Extracted records –
________________________

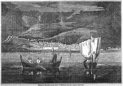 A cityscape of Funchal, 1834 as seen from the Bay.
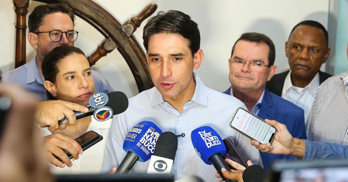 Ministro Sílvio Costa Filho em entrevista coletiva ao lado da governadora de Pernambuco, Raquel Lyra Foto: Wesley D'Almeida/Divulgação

________________________

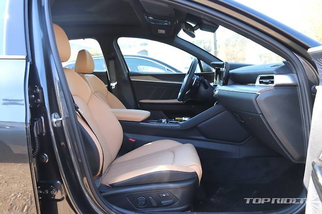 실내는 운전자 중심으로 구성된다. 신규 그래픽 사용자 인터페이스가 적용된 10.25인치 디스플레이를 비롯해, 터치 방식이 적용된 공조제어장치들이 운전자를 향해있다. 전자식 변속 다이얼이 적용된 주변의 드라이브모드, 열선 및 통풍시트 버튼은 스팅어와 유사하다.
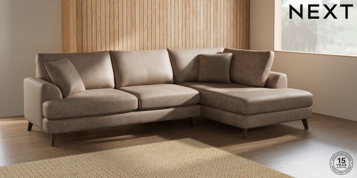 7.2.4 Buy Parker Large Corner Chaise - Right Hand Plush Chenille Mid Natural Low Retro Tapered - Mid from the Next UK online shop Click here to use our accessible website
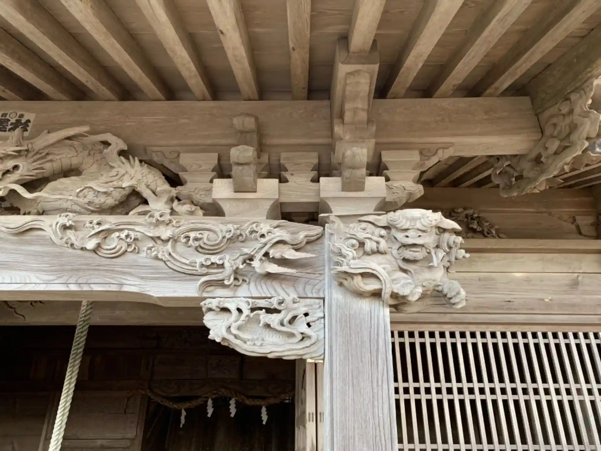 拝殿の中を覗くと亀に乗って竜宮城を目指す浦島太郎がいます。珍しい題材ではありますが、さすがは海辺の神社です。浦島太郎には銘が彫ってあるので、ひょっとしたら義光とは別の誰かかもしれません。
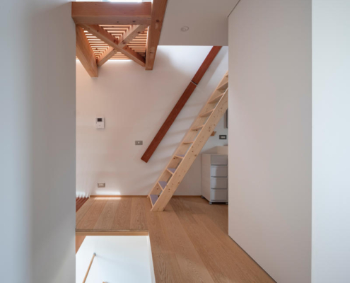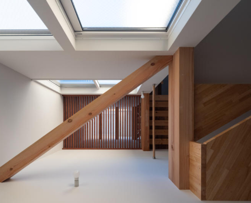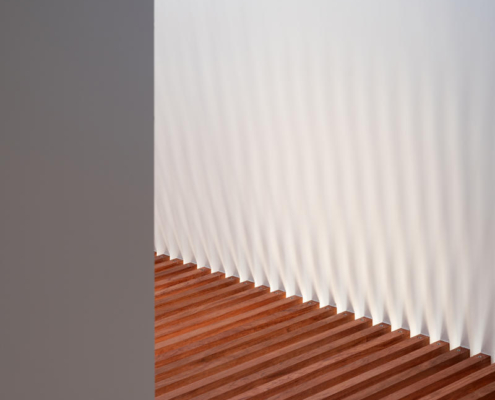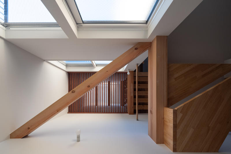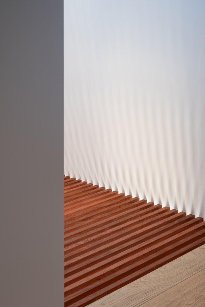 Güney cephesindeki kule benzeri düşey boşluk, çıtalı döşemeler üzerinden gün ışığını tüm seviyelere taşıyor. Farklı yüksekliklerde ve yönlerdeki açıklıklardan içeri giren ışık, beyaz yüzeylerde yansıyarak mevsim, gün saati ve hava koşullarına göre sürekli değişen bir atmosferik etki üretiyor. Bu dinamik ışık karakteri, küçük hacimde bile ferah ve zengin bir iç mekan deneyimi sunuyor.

________________________

Work item – Which part of the entries opens with the line containing "A cityscape of" and closes with the line containing "Ministro Sílvio Costa"? Output that part exactly, ends included, pictures excluded.

Exercise result –
 A cityscape of Funchal, 1834 as seen from the Bay.
 Ministro Sílvio Costa Filho em entrevista coletiva ao lado da governadora de Pernambuco, Raquel Lyra Foto: Wesley D'Almeida/Divulgação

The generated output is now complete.